# [WHAT NEEDS TO BE DONE]
Print them exactly: the lines from the beginning of the entries below through the line that contains "采用高度拟人化设计,身高17", and only those, with the pictures left out.

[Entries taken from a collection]

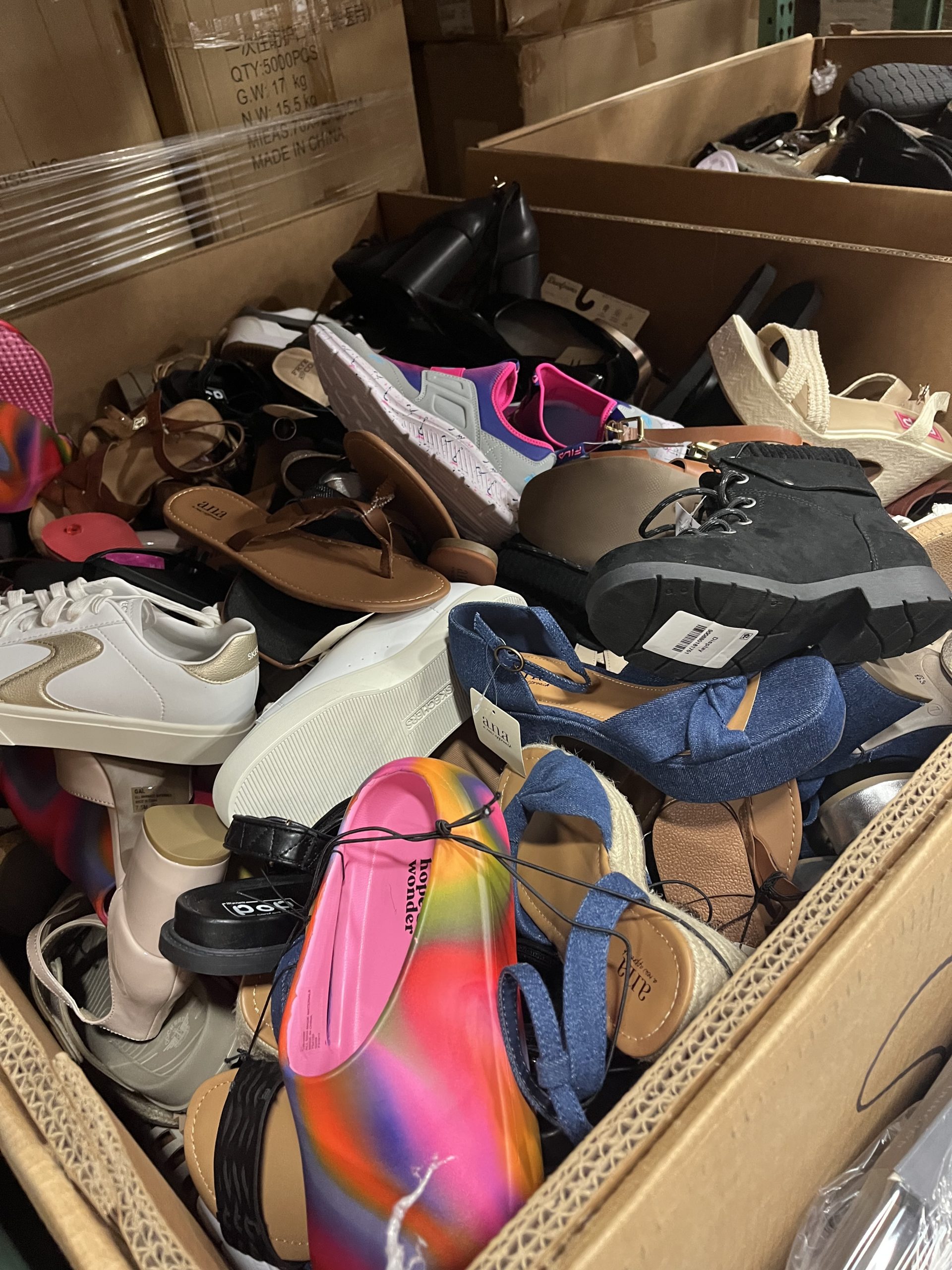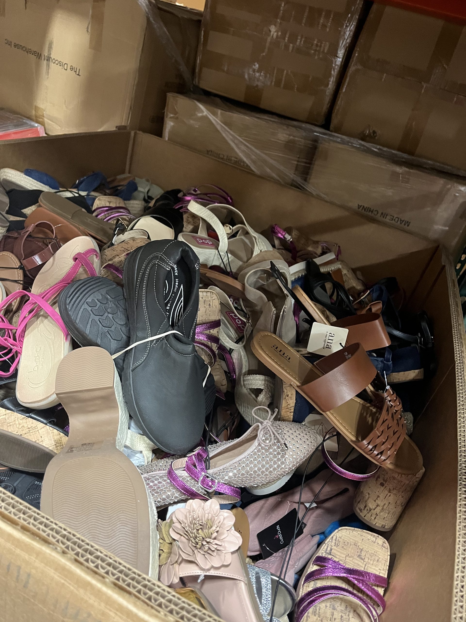 Gran selección de calzado para hombres, mujeres y niños. Los palés pueden incluir devoluciones de clientes y mercancía de excedente. Pueden contener una mezcla de calzado deportivo, zapatos de vestir, calzado casual, tenis, sandalias, botas de trabajo y más. F.O.B. Florida.
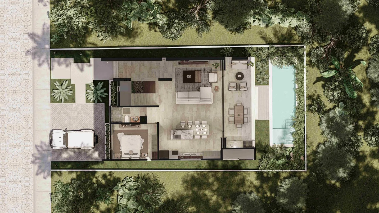 This luxury villa is situated within the Tulum Country Club. The property is constructed on a 300 square meter land plot and encompasses 419. 65 square meters of built area.
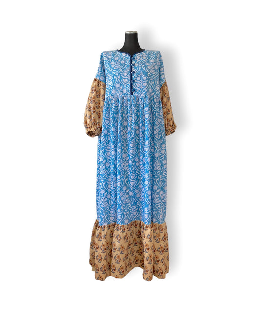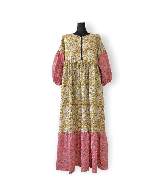 ブロックプリント生地 カラーブロック ロングガウン #Shima
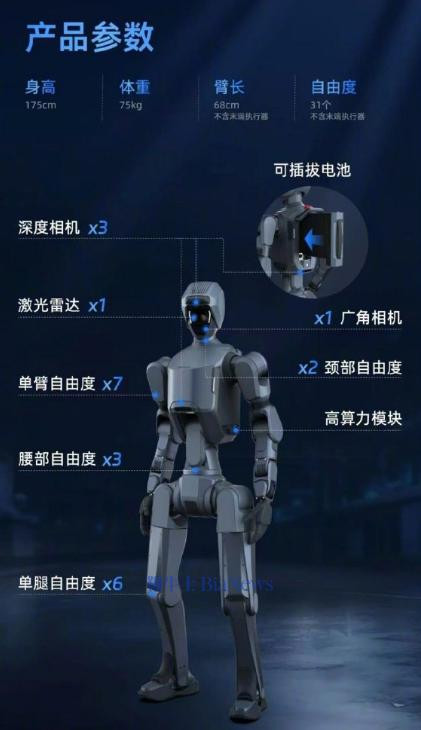采用高度拟人化设计,身高175cm、臂展68cm,接近成年男性体型,可无缝适配人类现有工具与作业空间;
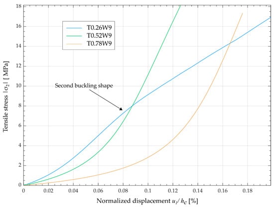 When looking at the failure modes (see Table 4), it is noticeable that the configuration with the thickness of 0.52 mm fails for all three widths due to inter-fiber tensile failure. In contrast, the thicker and thinner configurations fail only in the widest configuration due to inter-fiber tensile failure caused by different buckling shapes. To illustrate the correlation, Figure 8 shows the variation of the stresses versus the applied normalized displacement in the -direction, for three configurations of the same tape width. It is clear that as the tape width decreases, the increase in stress becomes more progressive.
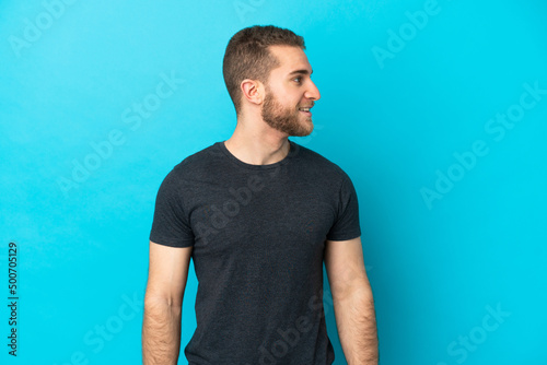 adult, background, beard, blond, blue, caucasian, colours, colourful, expression, face, fun, funny, gesture, good, guy, happiness, happy, isolated, laugh, laughing, male, man, model, people, person, portrait, positive, side, smile, smiling, studio, wall, young, looking, man
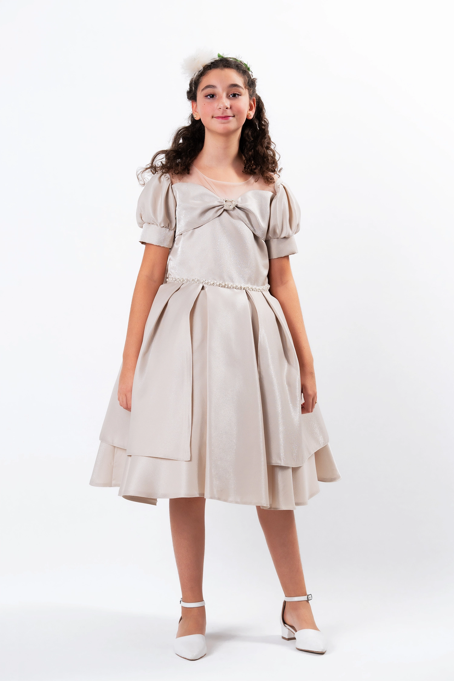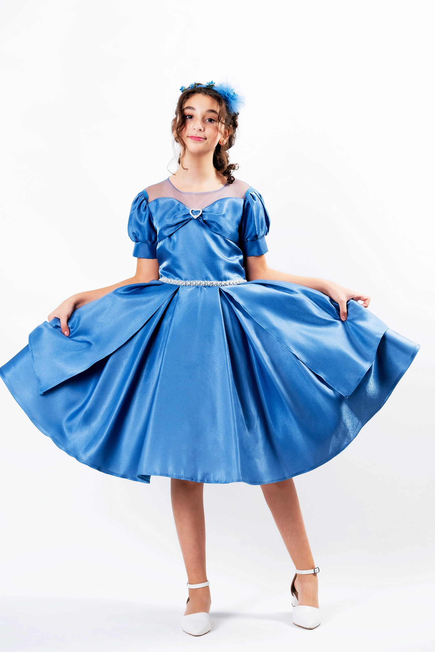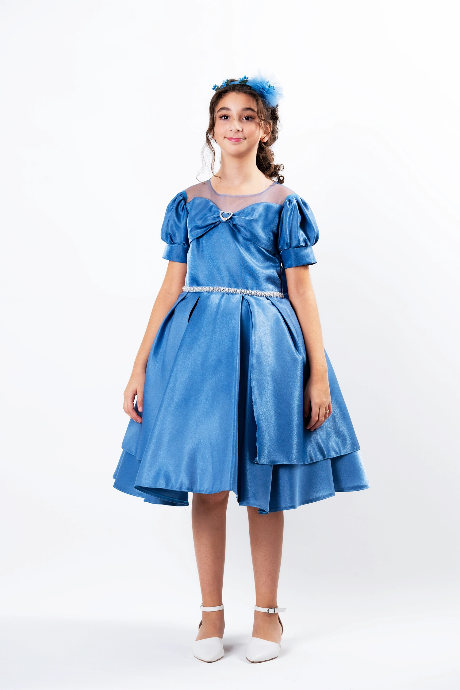 An elegant gown for every occasion, crafted from a shimmering satin fabric that gives it a touch of luxury. The dress features a luxurious design with a flared double clutch skirt with extra layers and tulle sleeves that add a touch of sophistication
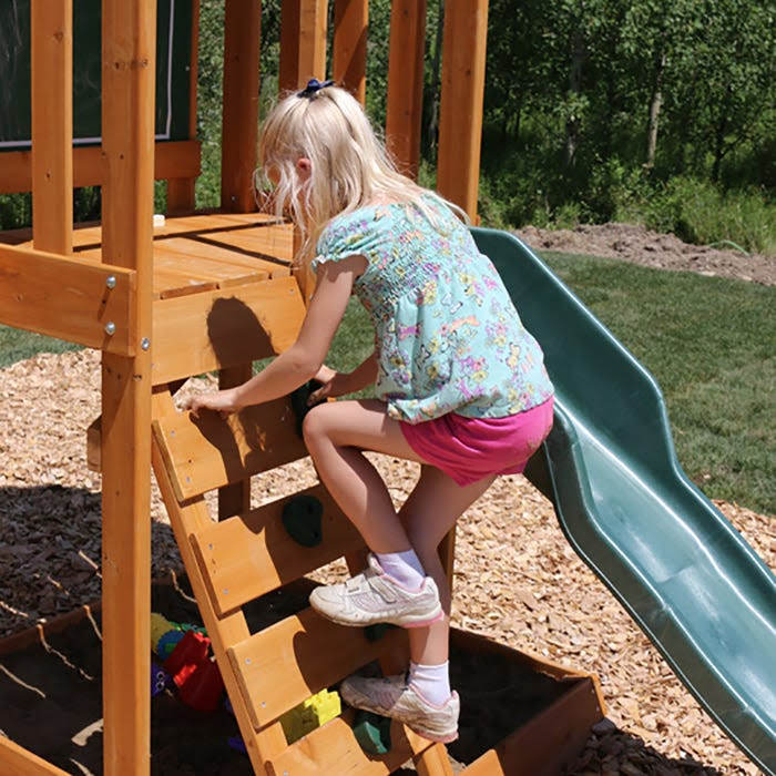 The multi-level Ainsley Climbing Frame Set can do something for smaller back yards that swing sets alone can’t—entertain up to six active kids at once. That’s because Ainsley packs in loads of fun features like a high-rail wave slide, a multi-colored rock wall for climbing and a shaded upper-level clubhouse with chalkboard tarp. Underneath, little diggers can play to their hearts’ content in the spacious sandbox. And of course, the sturdy swing set invites youngsters to reach for the sky in the two bright yellow belt swings. Ainsley is constructed of high-quality premium cedar lumber with a pre-applied child-friendly stain. It also comes pre-cut and pre-drilled for easier assembly. For maxi-fun in a mini-space, the Ainsley Climbing Frame is the perfect choice.
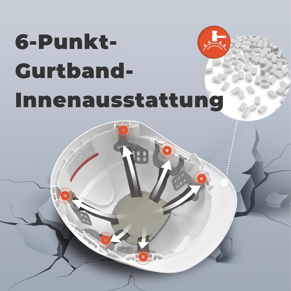 Bauhelm EN397, Mustbau Sicherheitsheilm, Arbeitshelm Schutzhelm für 53-65 cm Kopfumfang verstellbar,
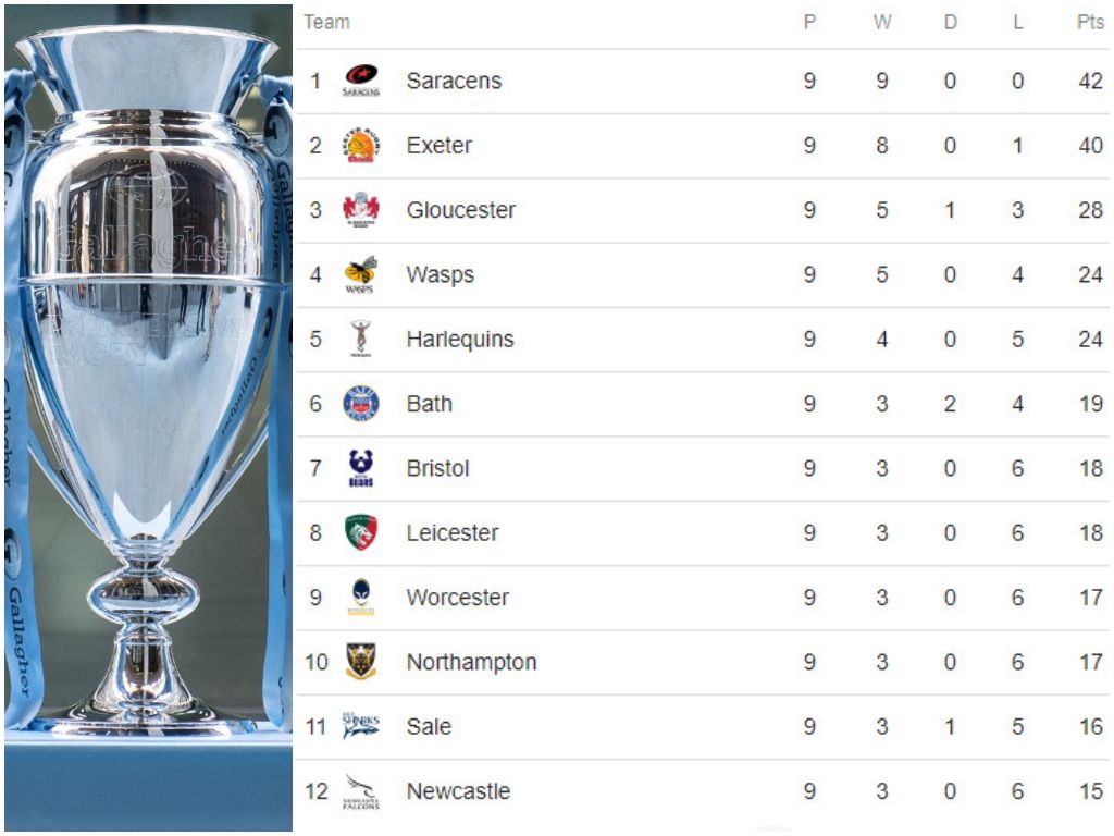 This year, it’s the opposite. We have two summiteers, a close race for third and a huge, seven-way scrap to not be the team staring into the abyss. A freak set of results the weekend before Christmas could send Bath, currently in sixth, to the bottom. Leicester are also only a defeat and some other teams’ wins away from bottom spot.
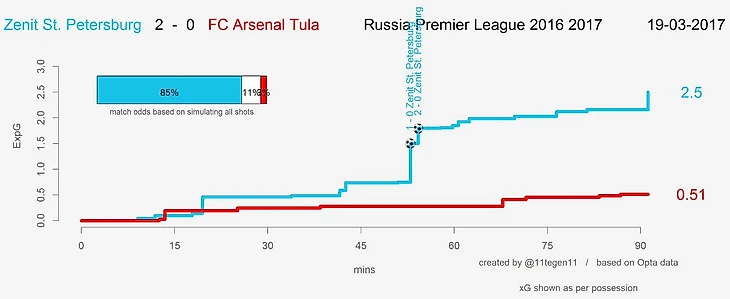 В матче с «Арсеналом» статистика выглядит лучше, но она во многом обманчива. Большая часть моментов у «Зенита» начала возникать уже после того, как счет стал 2:0, а туляки перешли на полноценную игру в три защитника.
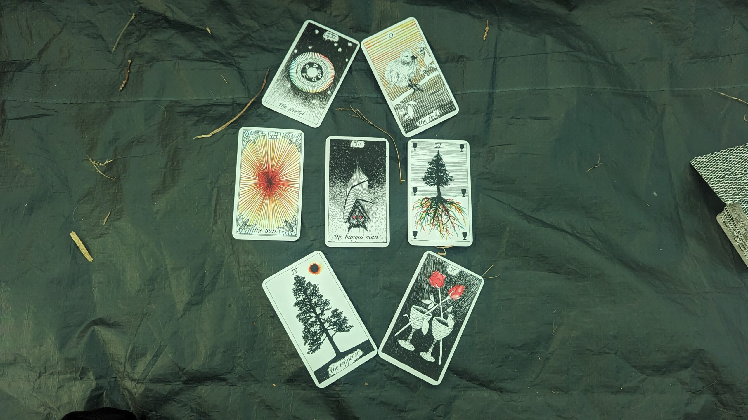 | Acknowledging that Anthropocentric critique favours Global Northern perspectives (DeLoughrey, 2019), the nature-based Reclaiming tradition of paganism criticizes and implicates the mechanistic approach of modern science with oppression, environmental destruction and colonialism. They reject the disconnection of materiality and spirit, and respond by identifying with the knowledge dismissed by religion and science (Morgain, 2013). | Tarot, meditation, making with natural materials whilst keeping magical associations in mind (e.g. ritual mat, Bergonia Storm work, choice of seeds in the seed ball), cleansing the exhibition space before each opening up, investigating ritual and magick, mentally reframing the processes of being and making with nature as ritual. |

# [ANSWER AREA]
 Gran selección de calzado para hombres, mujeres y niños. Los palés pueden incluir devoluciones de clientes y mercancía de excedente. Pueden contener una mezcla de calzado deportivo, zapatos de vestir, calzado casual, tenis, sandalias, botas de trabajo y más. F.O.B. Florida.
 This luxury villa is situated within the Tulum Country Club. The property is constructed on a 300 square meter land plot and encompasses 419. 65 square meters of built area.
 ブロックプリント生地 カラーブロック ロングガウン #Shima
采用高度拟人化设计,身高175cm、臂展68cm,接近成年男性体型,可无缝适配人类现有工具与作业空间;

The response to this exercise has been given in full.